Все снисходительно поглядели на нее, и графиня, покраснев, замолчала. Муж осуждающе взглянул на супругу.
– А теперь, сударь, – меняя тему разговора, обратился к графу Акусину князь Безбородский, – не поведаете ли вы нам о том документе, который волею случая попал вам в руки? Я сгораю от любопытства.
– Да, голубчик, просим вас, – со смехом произнесла Наталья Андреевна, весело поглядывая на Никифора Андреевича, вновь охваченного волнением. – Вы же знаете, как редко нам удается заинтересовать дорогого князя нашими пустыми разговорами.
– Графиня, вы слишком строги ко мне, – с укоризной в голосе произнес Никифор Андреевич. – Боже меня упаси, я никогда так не считал и не считаю. Что касается моего особого интереса, то он вызван исключительно тем, что, возможно, благодаря имеющимся у графа сведениям я смогу осуществить мою давнюю мечту.

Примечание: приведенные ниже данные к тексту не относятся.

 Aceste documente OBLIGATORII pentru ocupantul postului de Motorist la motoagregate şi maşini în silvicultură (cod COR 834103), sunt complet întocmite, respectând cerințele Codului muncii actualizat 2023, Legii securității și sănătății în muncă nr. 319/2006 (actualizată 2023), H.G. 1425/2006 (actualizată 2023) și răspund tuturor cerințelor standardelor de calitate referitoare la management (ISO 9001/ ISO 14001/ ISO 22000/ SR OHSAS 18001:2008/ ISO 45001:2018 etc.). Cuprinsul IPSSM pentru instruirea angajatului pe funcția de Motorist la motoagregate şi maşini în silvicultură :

– Никифор Андреевич, боюсь, что как бы вы не разочаровались, услышав мой рассказ, – поспешил добавить граф Акусин. – Так как я не укажу вам ни точного места, ни прямых доказательств, что те сведения точны, да и счастливый конец в этой истории вряд ли предвидится.
– Но, в любом случае, это будет еще одна крупица данных, которые я с таким трепетом собираю, – отозвался князь и, взяв принесенный слугой бокал с шампанским, поудобнее устроился в кресле, стоявшем по левую руку от хозяйки салона.

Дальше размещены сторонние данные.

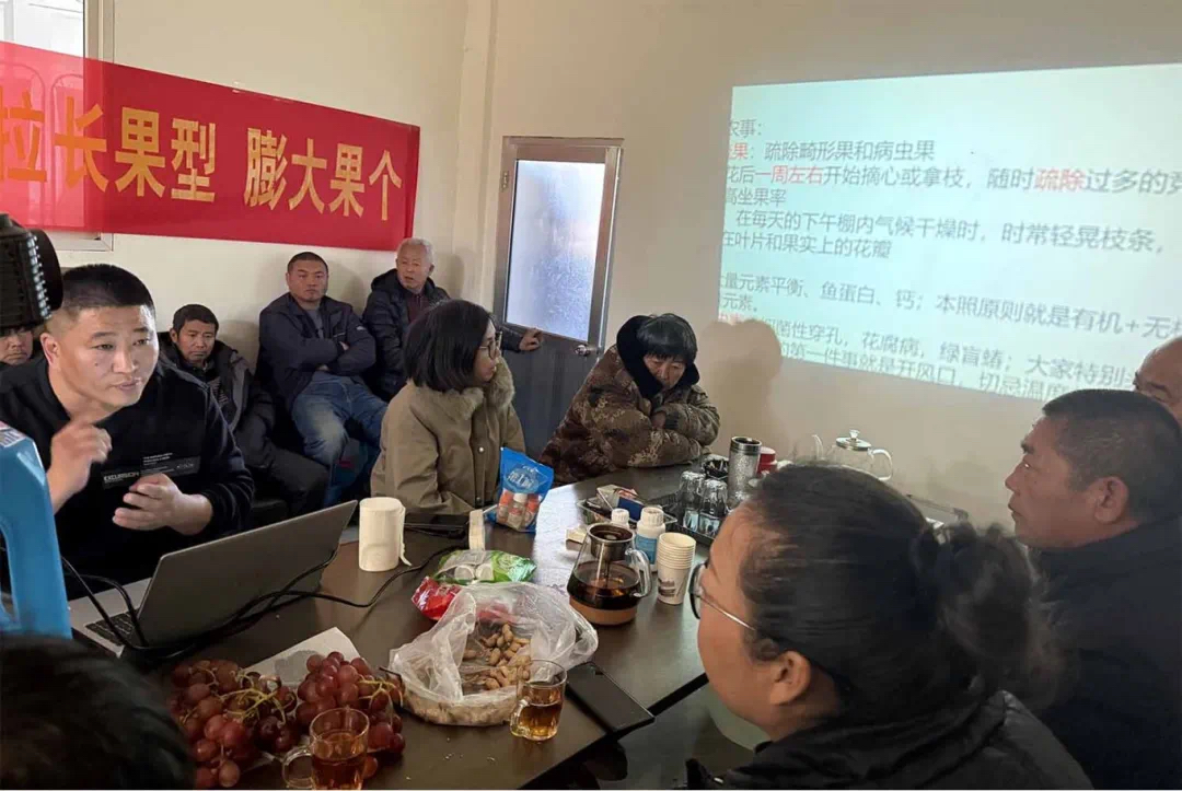 在山西永濟冬棗種植區,棚外寒風呼嘯,棚內生機勃勃。中農立華作物健康部山西技術服務團隊高耀、郭繼澤等放棄春節與家人團聚的機會,深入田間地頭,為棗農們提供技術服務。

– Bien, – согласился граф. – Милостивые господа, боюсь, как бы вам не наскучил мой рассказ… Но делать нечего, продолжаю. Служа в Третьем отделении Собственной Его Величества канцелярии, я не раз сталкивался с различными документами. Чего только не довелось мне читать за годы моей службы… И вот однажды, просматривая архив, я натолкнулся на старый пожелтевший свиток, чернила на котором почти выцвели. Сложно было что-либо разобрать, и я хотел было отбросить его, но подпись на этом документе смутно напомнила мне об одном человеке, точнее, о его повествовании, в котором рассказывалось о столь далеких временах, что многие о них и думать забыли. Никифор Андреевич, вы же знаете, что я тоже люблю историю и в свободное время многие часы провожу за изучением различных фолиантов.
– Мой муж настолько увлечен pour les différents livres ennuyeux31, что совсем позабыл обо мне, – обиженно молвила молоденькая графиня, надув губки.
– Голубушка, – ласково поглядев на Елизавету Алексеевну, сказала Наталья Андреевна, – вам придется с этим смириться, как я смирилась с увлечением моего мужа de cartes à jouer et géologiques32.
– Моя дорогая, – возразил было граф Орлов-Денисов, – но геогнозия более безобидное увлечение, чем, скажем, карты. N’est-ce pas?33 Кстати, милостивые государи, я припомнил одну очень увлекательную и страшную историю…
– Дорогой граф! – буквально взмолился князь Безбородский, красивое лицо которого исказила мученическая гримаса. – Прошу вас, дайте Сергею Александровичу окончить свой рассказ. Любопытство мое мучительно!
– Господа, господа! – воскликнула Наталья Андреевна, призывая всех присутствующих к молчанию. – Давайте не будем больше томить князя, отвлекая графа своей болтовней. Сергей Александрович, голубчик, поведайте же, наконец, о том человеке и тех событиях, о которых вы хотели нам рассказать. Nous vous demandons!34
– Не смею длить ваше неведенье, – слегка поклонился граф Акусин, бросив недовольный взгляд на жену. – Я закончил на том, что обнаружил свиток, а подпись, стоявшая на документе, заставила меня придвинуть поближе свечу и аккуратно развернуть его. Как я уже сказал, чернила выцвели, и прочесть такую рукопись с первого взгляда показалось задачей невыполнимой. И если бы не подпись дьяка Макарьева, я бы не стал прикладывать столько усилий ради его расшифровки.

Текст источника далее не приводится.